Without including any images, repeat the listing below exactly.
--- Supplied material Enclosed Below ---
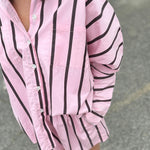 Women's Isla Stripe Cotton Set - Pink/Chocolate Stripe
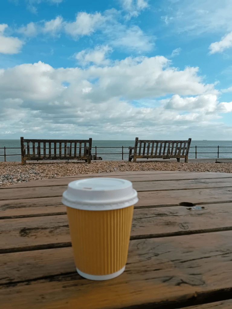 Our second al fresco drink wasn’t actually from a coffee shop but from the Zetland Arms pub in Kingsdown, near Deal. We had been walking off the breakfast which we had enjoyed at the Deal Pier Kitchen, and extravagantly decided that we deserved a hot chocolate as well. The pub is very cosy inside, but they also have plenty of tables outside, and we settled for one of these, right by the edge of the beach.
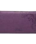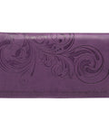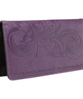 The front of the smooth purple faux leather checkbook wallet is heat-debossed with a swirly floral design that wraps around the spine and runs down the back panel. The sentiment is subtly heat-debossed at the bottom of the front panel.
--- End of Enclosed Supplied material ---
» Finished task:
 Women's Isla Stripe Cotton Set - Pink/Chocolate Stripe
 Our second al fresco drink wasn’t actually from a coffee shop but from the Zetland Arms pub in Kingsdown, near Deal. We had been walking off the breakfast which we had enjoyed at the Deal Pier Kitchen, and extravagantly decided that we deserved a hot chocolate as well. The pub is very cosy inside, but they also have plenty of tables outside, and we settled for one of these, right by the edge of the beach.
 The front of the smooth purple faux leather checkbook wallet is heat-debossed with a swirly floral design that wraps around the spine and runs down the back panel. The sentiment is subtly heat-debossed at the bottom of the front panel.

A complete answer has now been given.